Supplied information Block Start

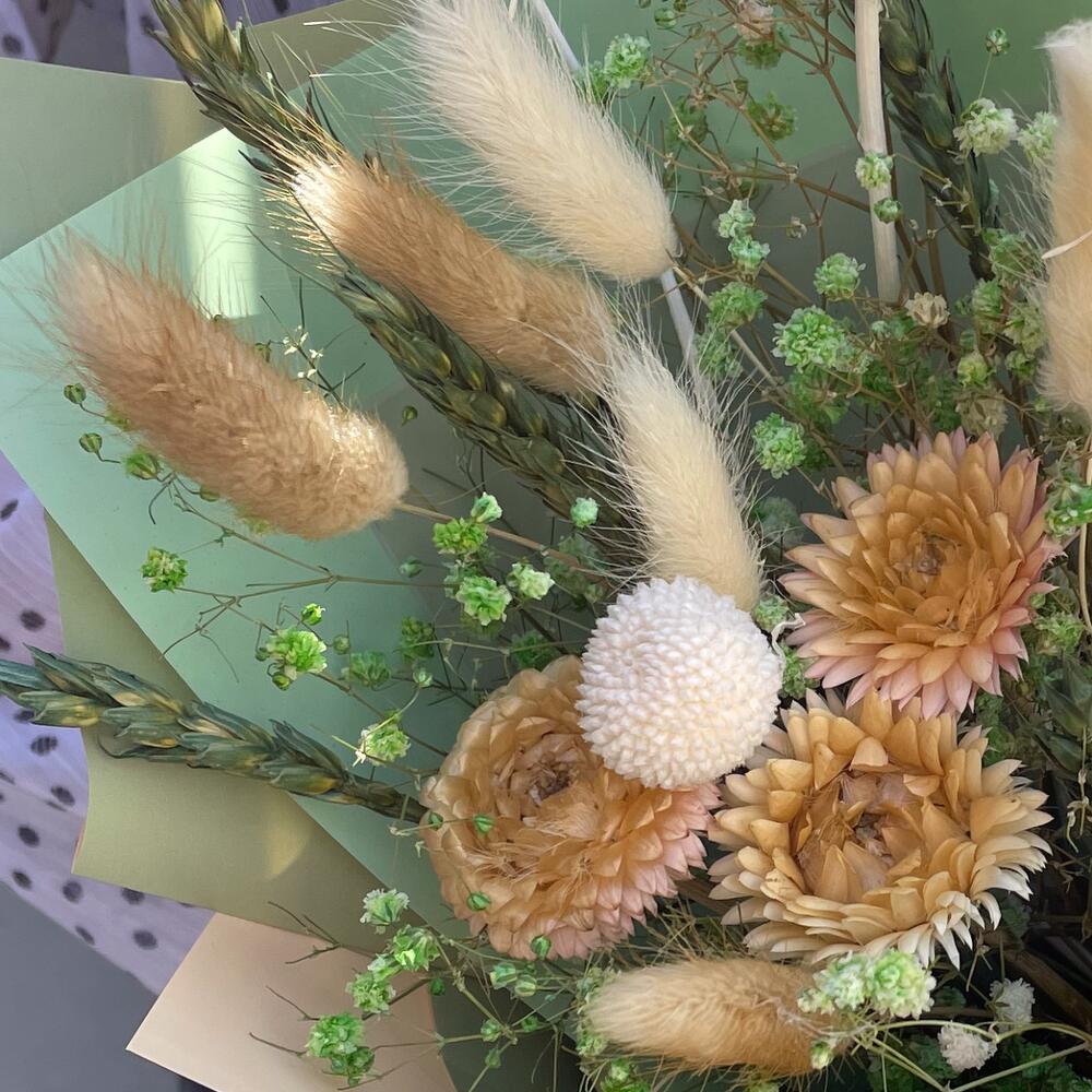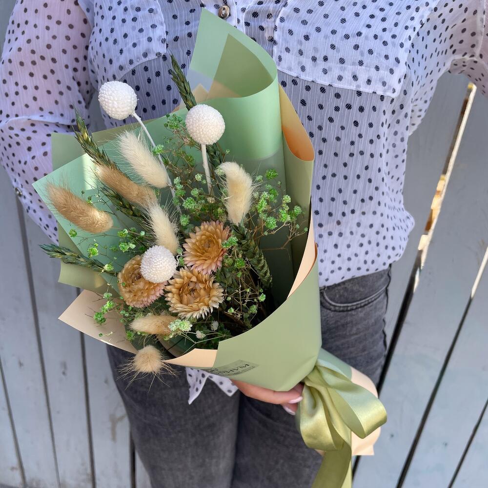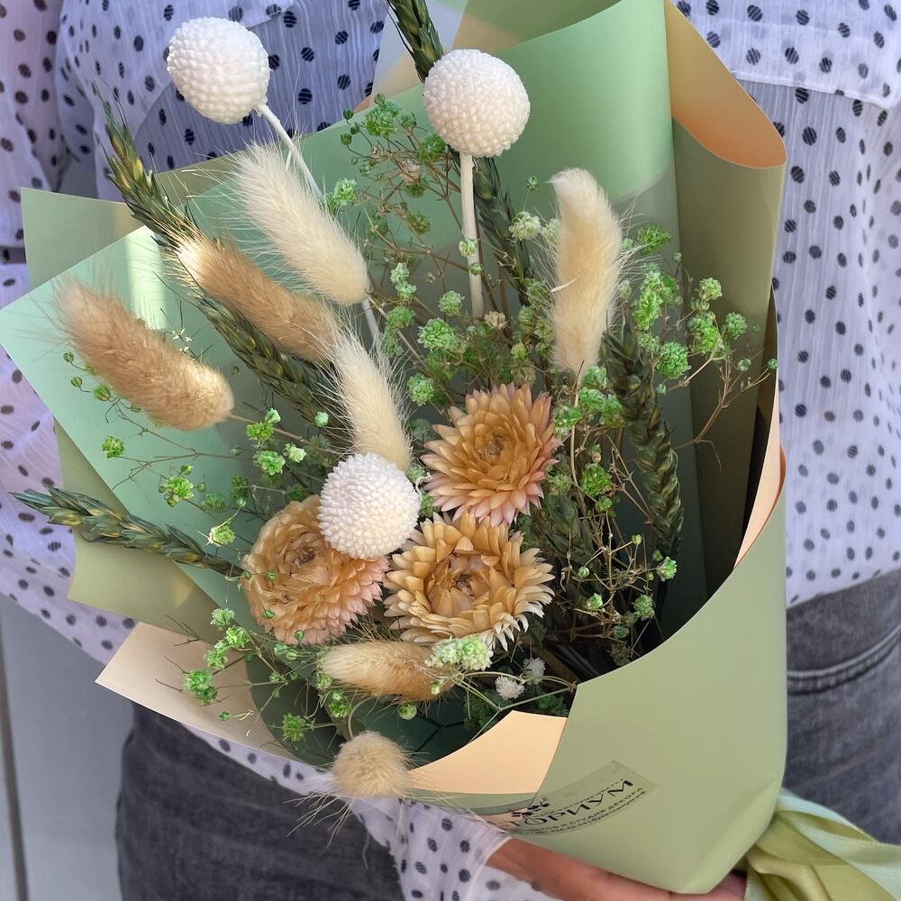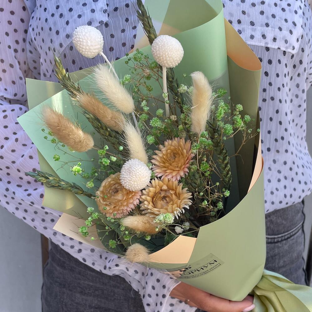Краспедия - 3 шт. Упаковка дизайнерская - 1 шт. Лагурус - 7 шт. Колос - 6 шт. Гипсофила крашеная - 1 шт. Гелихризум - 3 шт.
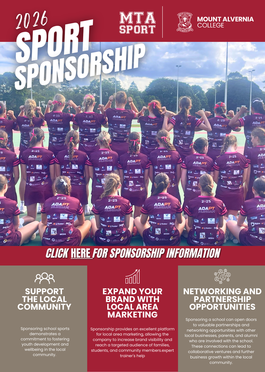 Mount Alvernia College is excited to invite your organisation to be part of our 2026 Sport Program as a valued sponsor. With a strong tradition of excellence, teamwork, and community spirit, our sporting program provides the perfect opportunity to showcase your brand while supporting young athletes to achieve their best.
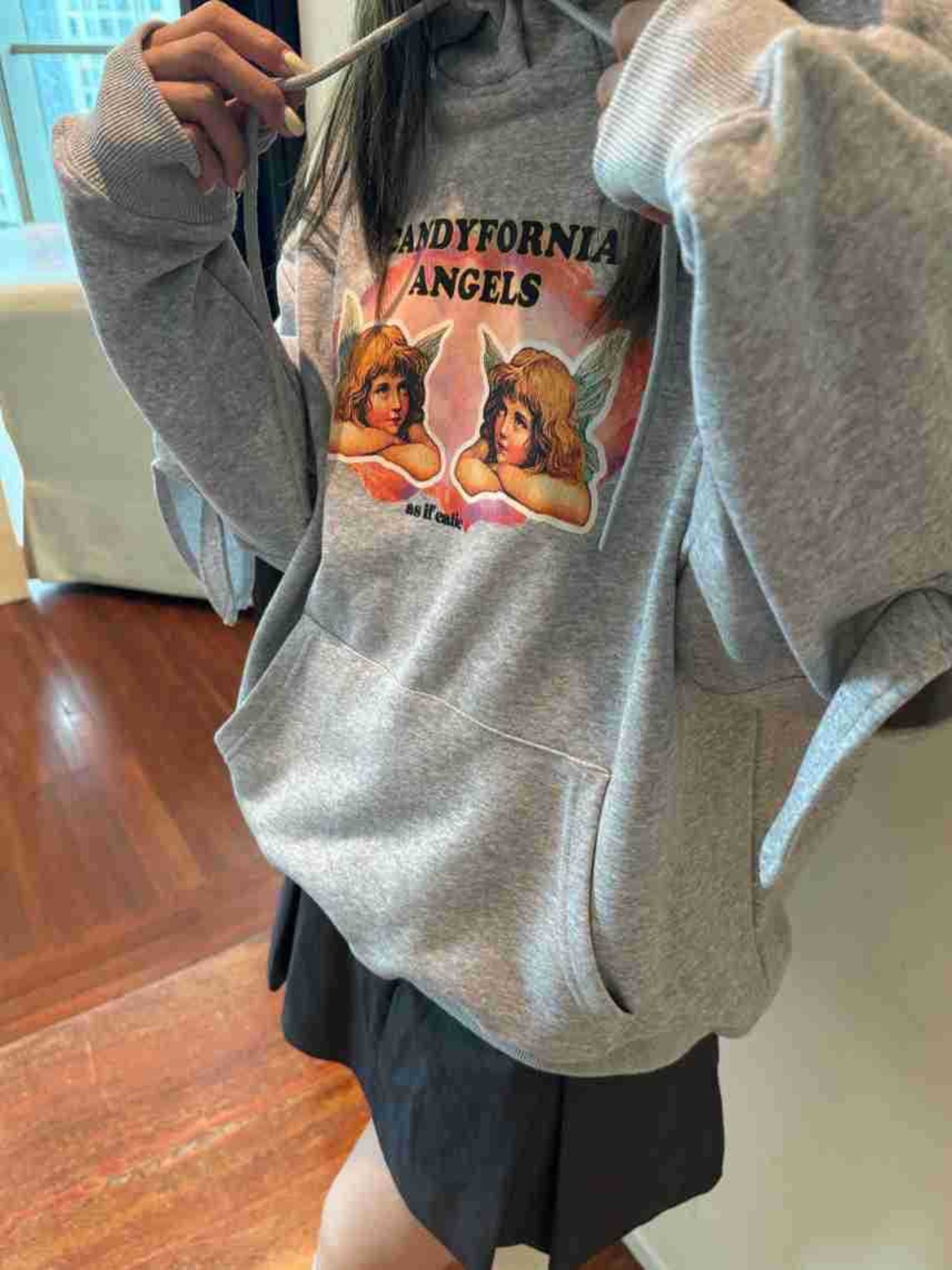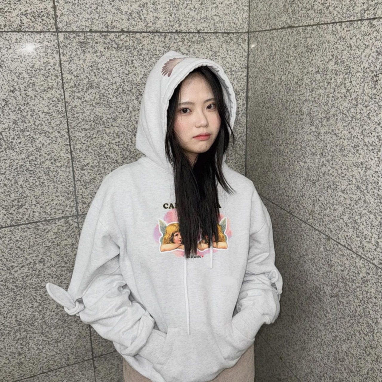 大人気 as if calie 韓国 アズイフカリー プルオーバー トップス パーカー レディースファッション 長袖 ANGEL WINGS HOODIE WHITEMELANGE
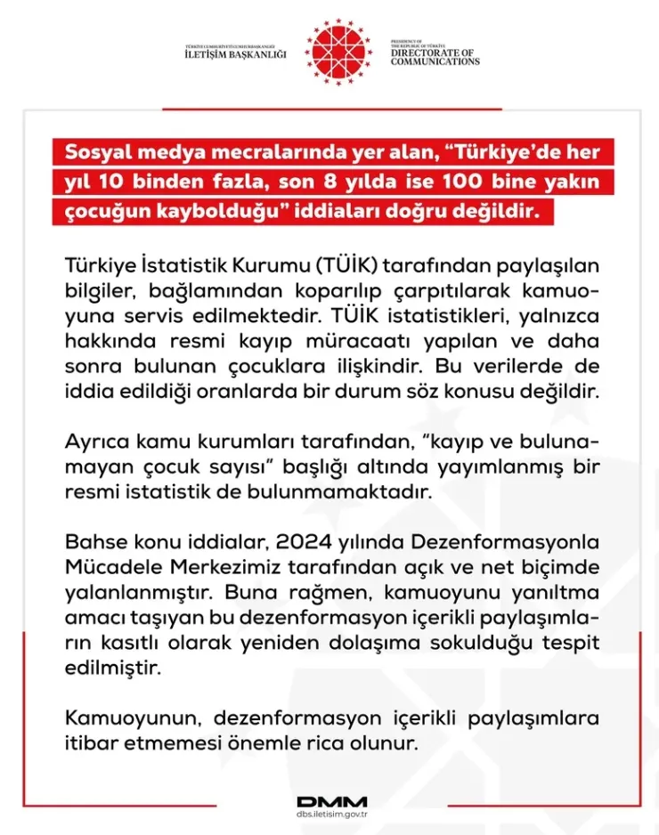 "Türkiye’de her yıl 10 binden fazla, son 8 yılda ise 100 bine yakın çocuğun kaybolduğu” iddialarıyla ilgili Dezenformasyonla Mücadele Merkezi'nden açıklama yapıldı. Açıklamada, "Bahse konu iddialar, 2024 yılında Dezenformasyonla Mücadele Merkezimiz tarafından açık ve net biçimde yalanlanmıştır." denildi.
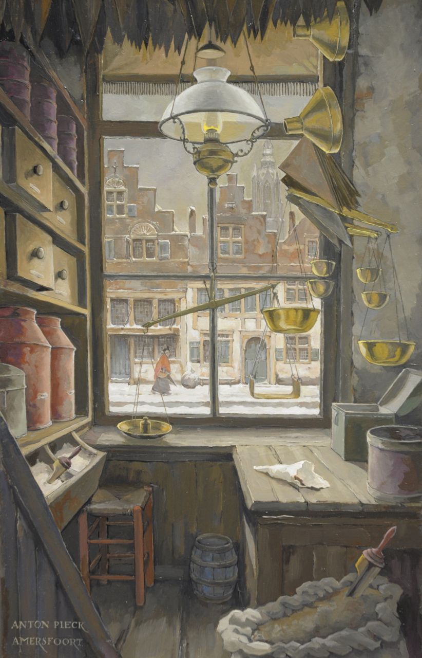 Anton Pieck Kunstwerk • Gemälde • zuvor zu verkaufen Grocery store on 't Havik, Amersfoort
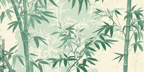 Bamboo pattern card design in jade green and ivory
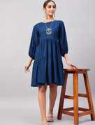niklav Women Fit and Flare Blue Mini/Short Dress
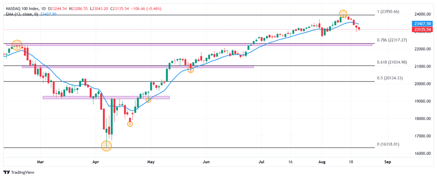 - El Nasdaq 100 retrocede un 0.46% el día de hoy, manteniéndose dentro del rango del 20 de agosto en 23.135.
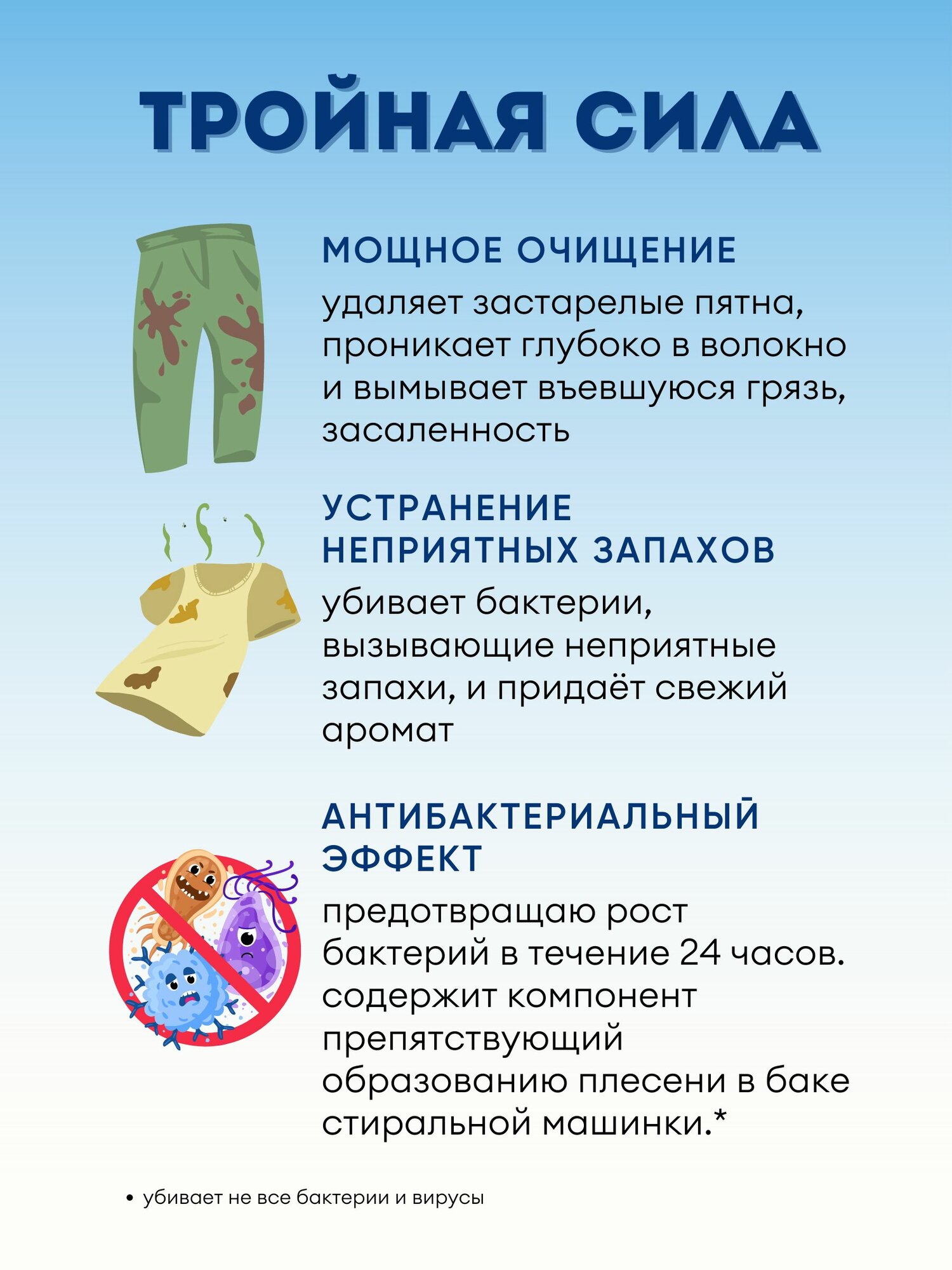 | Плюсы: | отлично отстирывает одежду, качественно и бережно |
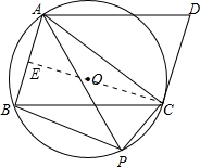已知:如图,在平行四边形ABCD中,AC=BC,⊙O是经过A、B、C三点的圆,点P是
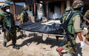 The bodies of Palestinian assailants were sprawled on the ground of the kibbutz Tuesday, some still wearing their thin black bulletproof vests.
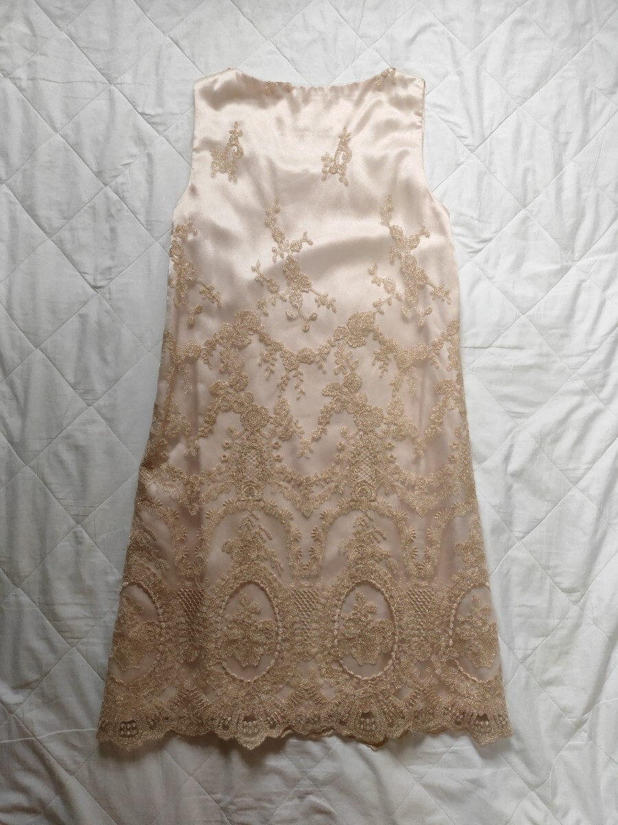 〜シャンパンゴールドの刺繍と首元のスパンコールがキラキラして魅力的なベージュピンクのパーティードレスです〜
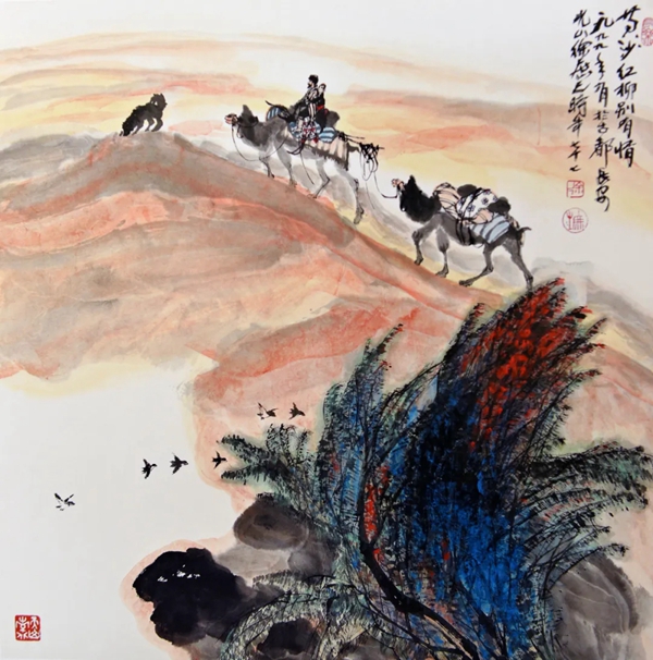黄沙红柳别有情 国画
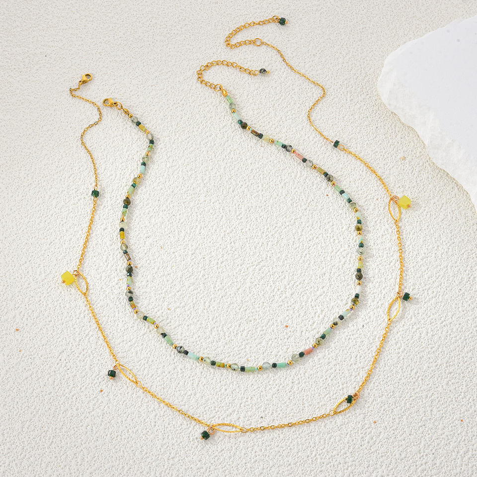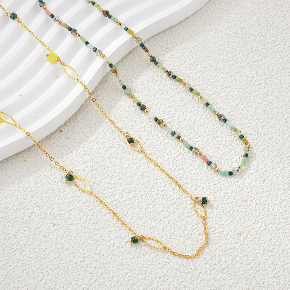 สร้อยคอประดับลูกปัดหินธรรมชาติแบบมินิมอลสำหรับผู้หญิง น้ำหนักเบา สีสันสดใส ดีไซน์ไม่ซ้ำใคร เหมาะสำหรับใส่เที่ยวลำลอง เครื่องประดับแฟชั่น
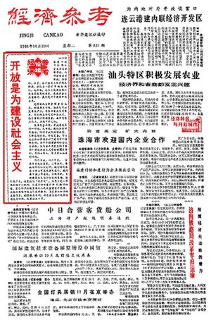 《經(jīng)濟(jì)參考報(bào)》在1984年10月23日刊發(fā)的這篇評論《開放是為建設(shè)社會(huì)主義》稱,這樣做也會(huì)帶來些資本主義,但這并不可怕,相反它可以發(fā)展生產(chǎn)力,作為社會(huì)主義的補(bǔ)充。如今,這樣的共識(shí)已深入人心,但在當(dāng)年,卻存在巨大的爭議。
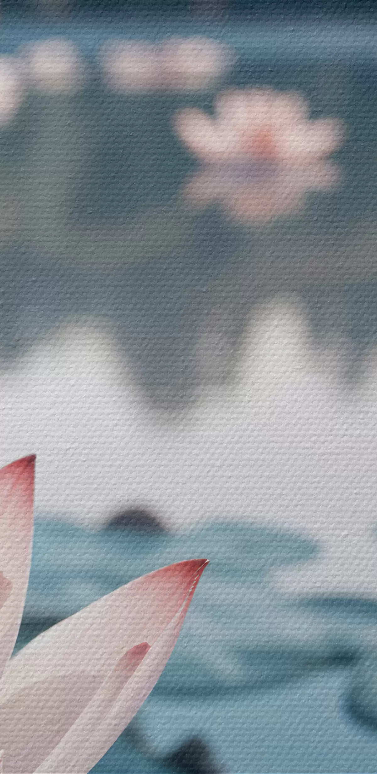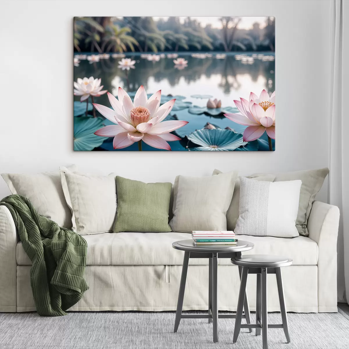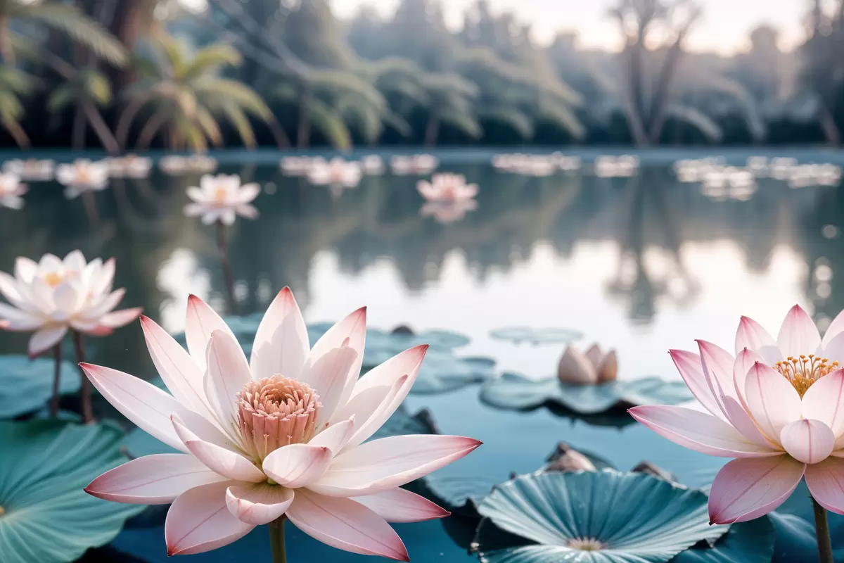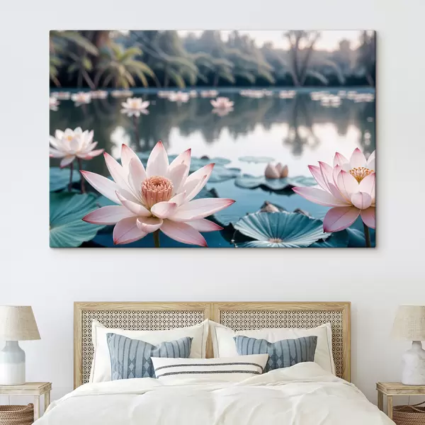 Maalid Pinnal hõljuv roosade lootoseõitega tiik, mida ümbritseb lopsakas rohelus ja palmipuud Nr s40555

Supplied information Block End

### [What needs to be done]
Lines from the one above containing "Bamboo pattern card" down to the one containing "ดีไซน์ไม่ซ้ำใคร เหมาะสำหรับใส่เที่ยวลำลอง เครื่องประดับแฟชั่น" should be transcribed exactly, with both ends kept and no pictures.

### [Written response]
 Bamboo pattern card design in jade green and ivory
niklav Women Fit and Flare Blue Mini/Short Dress
 - El Nasdaq 100 retrocede un 0.46% el día de hoy, manteniéndose dentro del rango del 20 de agosto en 23.135.
 | Плюсы: | отлично отстирывает одежду, качественно и бережно |
已知:如图,在平行四边形ABCD中,AC=BC,⊙O是经过A、B、C三点的圆,点P是
 The bodies of Palestinian assailants were sprawled on the ground of the kibbutz Tuesday, some still wearing their thin black bulletproof vests.
 〜シャンパンゴールドの刺繍と首元のスパンコールがキラキラして魅力的なベージュピンクのパーティードレスです〜
黄沙红柳别有情 国画
 สร้อยคอประดับลูกปัดหินธรรมชาติแบบมินิมอลสำหรับผู้หญิง น้ำหนักเบา สีสันสดใส ดีไซน์ไม่ซ้ำใคร เหมาะสำหรับใส่เที่ยวลำลอง เครื่องประดับแฟชั่น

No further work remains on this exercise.